TASK INSTRUCTIONS: Read through the records. Copy each line that has the word "shown".

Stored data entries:
========
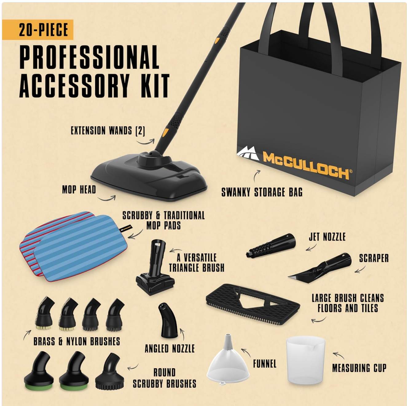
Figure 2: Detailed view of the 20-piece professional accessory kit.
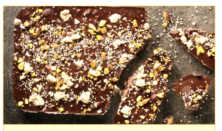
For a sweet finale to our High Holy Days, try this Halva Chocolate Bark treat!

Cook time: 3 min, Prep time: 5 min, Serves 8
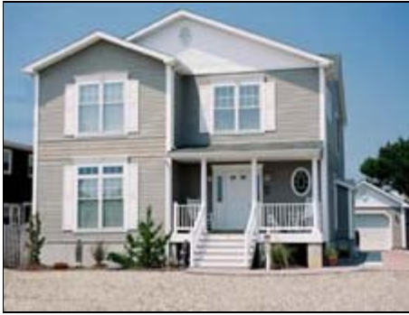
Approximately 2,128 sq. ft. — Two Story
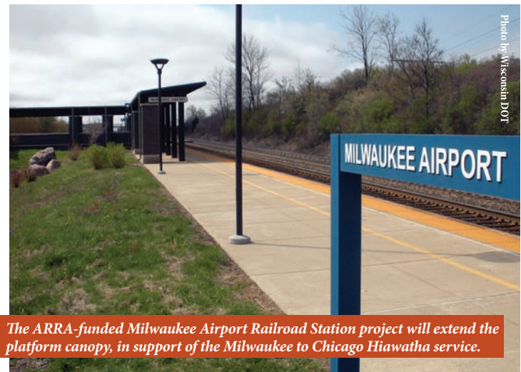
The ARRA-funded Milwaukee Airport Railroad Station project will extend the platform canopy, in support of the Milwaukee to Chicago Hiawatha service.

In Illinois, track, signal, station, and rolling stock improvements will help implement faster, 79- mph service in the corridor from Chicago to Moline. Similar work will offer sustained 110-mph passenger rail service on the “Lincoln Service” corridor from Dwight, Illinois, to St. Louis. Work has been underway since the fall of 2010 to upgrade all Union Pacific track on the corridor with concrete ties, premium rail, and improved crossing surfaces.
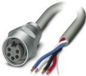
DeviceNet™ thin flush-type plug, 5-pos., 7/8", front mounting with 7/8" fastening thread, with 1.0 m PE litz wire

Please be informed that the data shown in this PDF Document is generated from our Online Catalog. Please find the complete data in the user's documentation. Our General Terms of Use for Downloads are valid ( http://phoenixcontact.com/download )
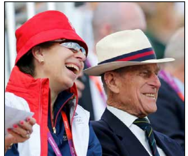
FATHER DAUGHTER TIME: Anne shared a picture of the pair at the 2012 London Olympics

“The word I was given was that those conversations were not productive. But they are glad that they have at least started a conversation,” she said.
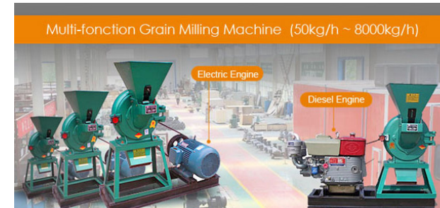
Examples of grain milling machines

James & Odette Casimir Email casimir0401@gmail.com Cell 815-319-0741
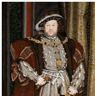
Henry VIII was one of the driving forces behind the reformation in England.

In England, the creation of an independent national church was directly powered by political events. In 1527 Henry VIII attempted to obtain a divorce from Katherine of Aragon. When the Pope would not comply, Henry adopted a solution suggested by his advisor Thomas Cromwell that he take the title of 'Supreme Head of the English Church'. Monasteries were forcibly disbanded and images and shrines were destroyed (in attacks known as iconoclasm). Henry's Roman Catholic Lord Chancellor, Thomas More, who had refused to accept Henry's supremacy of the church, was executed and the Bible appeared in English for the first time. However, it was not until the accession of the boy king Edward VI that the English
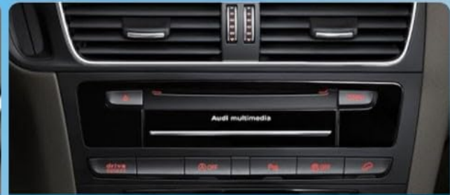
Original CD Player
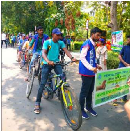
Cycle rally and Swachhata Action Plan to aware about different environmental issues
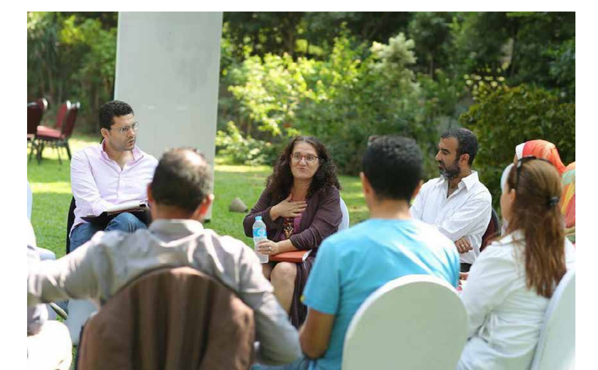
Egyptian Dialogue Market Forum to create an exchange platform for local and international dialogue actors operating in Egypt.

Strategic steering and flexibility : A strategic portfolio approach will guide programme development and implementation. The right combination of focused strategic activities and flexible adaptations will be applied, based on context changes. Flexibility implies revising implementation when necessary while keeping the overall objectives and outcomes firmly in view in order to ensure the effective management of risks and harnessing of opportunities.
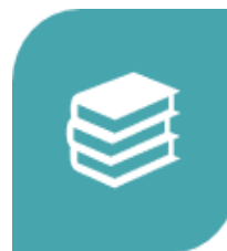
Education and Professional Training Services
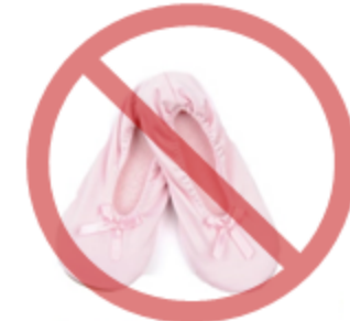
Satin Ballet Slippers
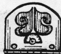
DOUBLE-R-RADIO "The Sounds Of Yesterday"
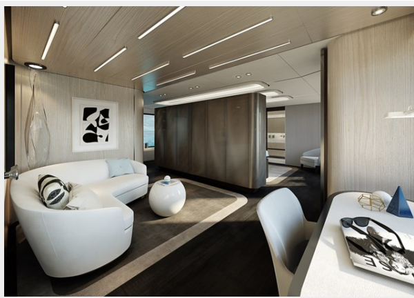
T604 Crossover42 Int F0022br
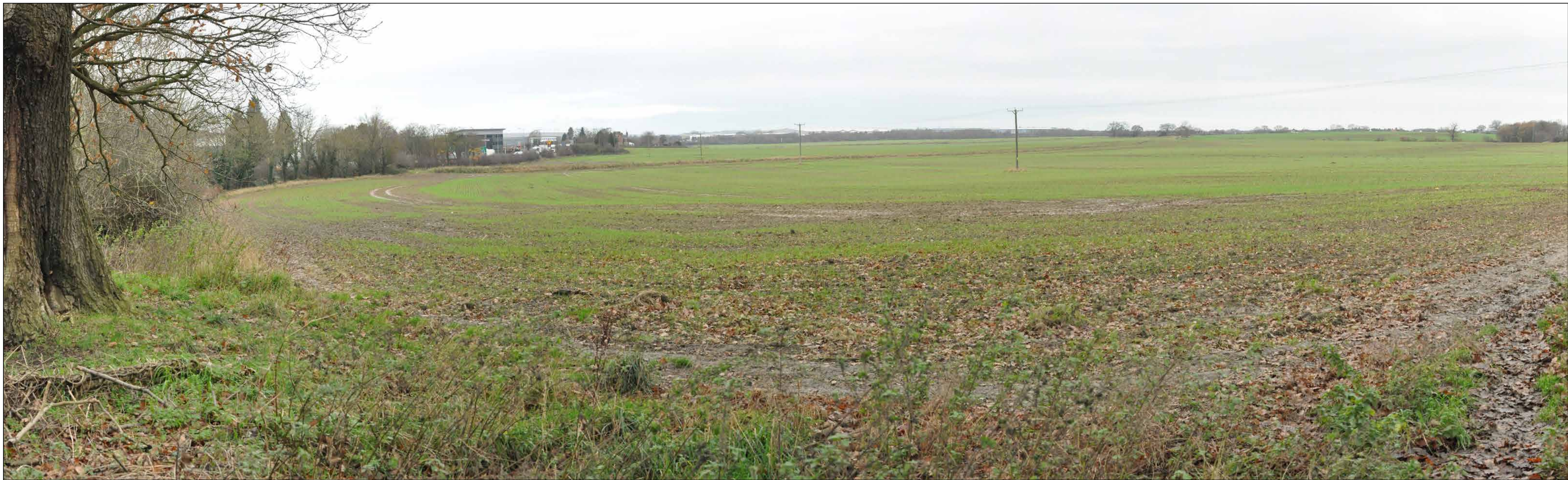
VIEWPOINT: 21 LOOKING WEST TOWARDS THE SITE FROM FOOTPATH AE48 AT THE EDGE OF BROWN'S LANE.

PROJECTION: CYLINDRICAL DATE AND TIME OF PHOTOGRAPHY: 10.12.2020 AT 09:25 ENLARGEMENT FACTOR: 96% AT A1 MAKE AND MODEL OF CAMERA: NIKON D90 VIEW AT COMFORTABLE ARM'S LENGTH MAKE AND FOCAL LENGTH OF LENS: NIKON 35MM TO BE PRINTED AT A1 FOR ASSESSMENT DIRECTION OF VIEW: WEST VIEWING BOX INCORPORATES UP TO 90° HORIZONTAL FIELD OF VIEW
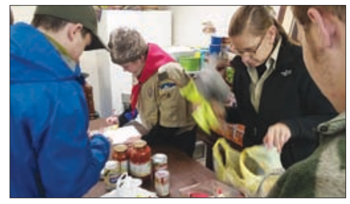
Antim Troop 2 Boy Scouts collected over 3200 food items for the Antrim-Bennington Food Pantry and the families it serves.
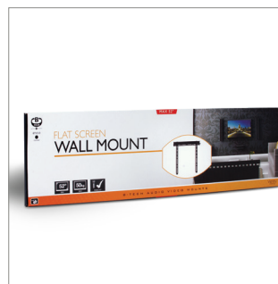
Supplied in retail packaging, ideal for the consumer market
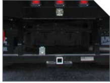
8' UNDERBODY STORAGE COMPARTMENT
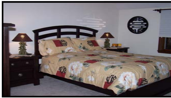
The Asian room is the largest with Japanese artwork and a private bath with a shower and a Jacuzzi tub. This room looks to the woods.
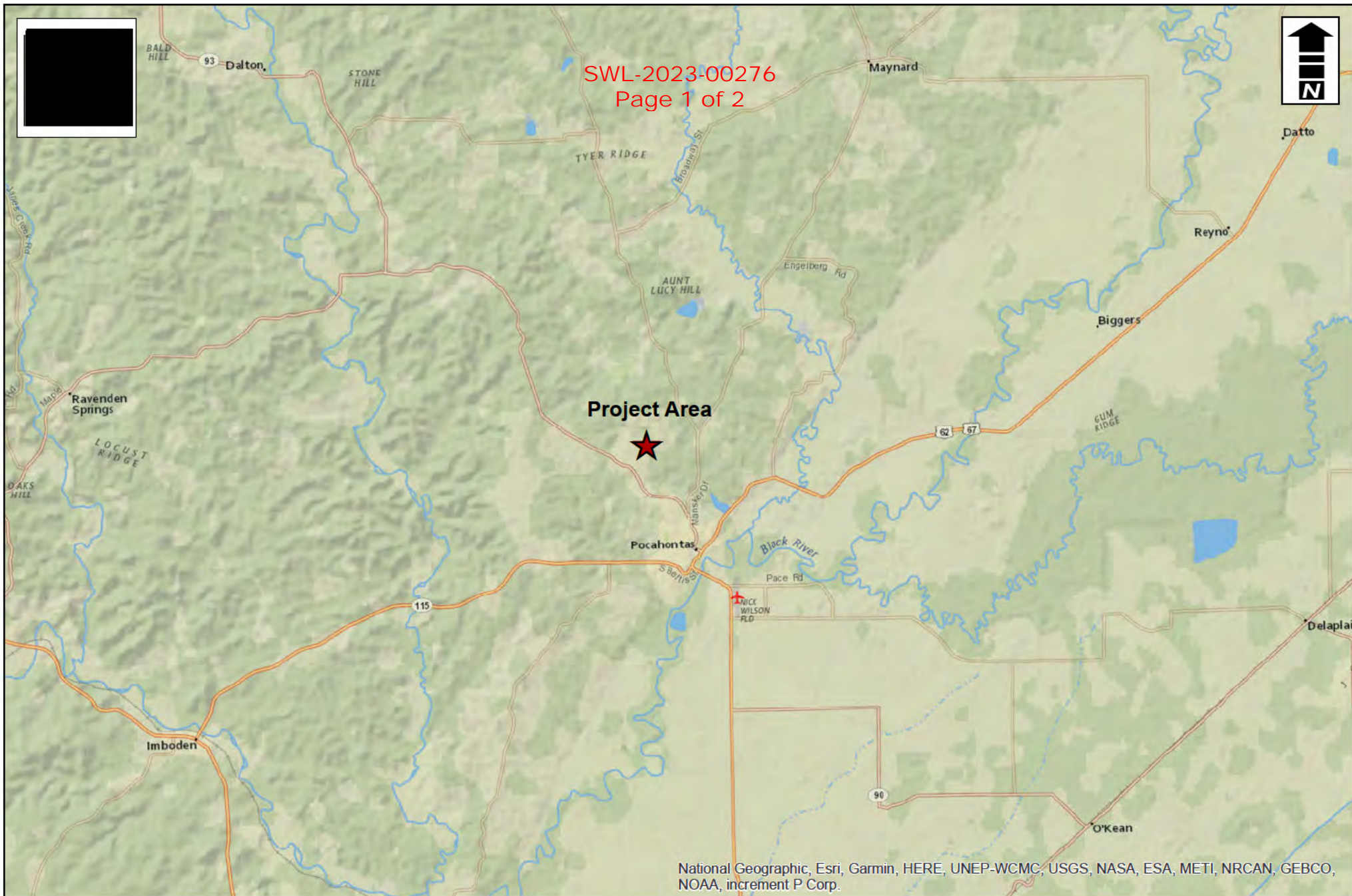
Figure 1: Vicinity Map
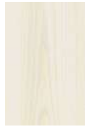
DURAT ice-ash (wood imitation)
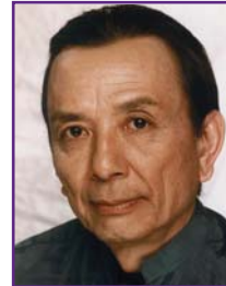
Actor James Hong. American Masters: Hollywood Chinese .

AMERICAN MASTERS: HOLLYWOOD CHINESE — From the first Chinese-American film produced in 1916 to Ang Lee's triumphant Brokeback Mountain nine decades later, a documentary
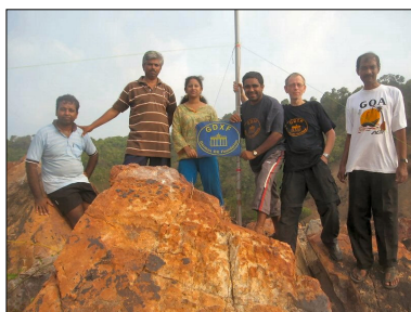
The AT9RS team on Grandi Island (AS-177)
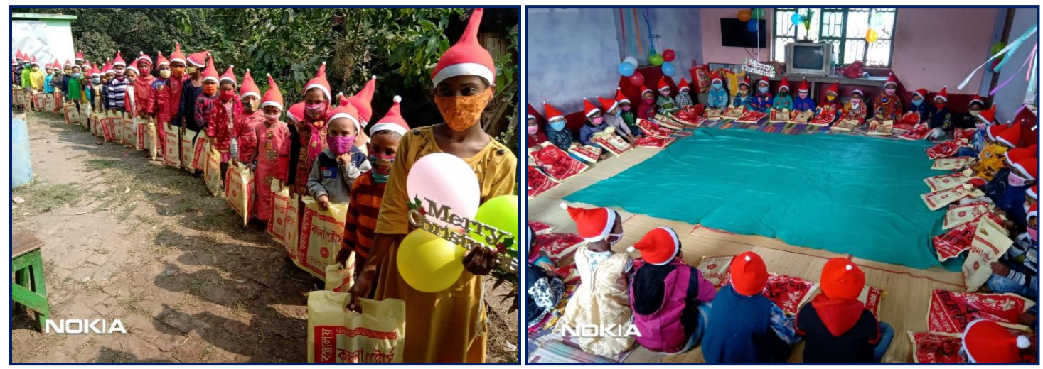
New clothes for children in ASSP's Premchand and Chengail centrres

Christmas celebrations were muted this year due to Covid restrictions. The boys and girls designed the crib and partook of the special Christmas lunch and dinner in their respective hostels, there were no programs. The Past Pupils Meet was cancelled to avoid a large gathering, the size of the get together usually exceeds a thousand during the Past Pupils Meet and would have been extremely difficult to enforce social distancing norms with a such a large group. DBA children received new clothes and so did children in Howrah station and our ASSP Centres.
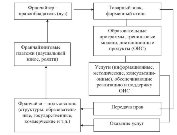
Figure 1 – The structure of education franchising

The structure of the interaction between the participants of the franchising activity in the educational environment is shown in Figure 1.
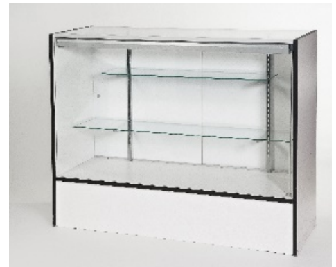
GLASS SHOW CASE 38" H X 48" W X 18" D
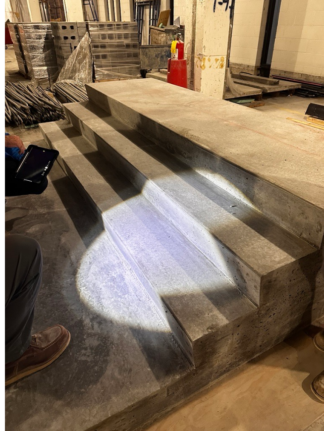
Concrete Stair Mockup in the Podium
========
FINISHED EXERCISE:
Please be informed that the data shown in this PDF Document is generated from our Online Catalog. Please find the complete data in the user's documentation. Our General Terms of Use for Downloads are valid ( http://phoenixcontact.com/download )
The structure of the interaction between the participants of the franchising activity in the educational environment is shown in Figure 1.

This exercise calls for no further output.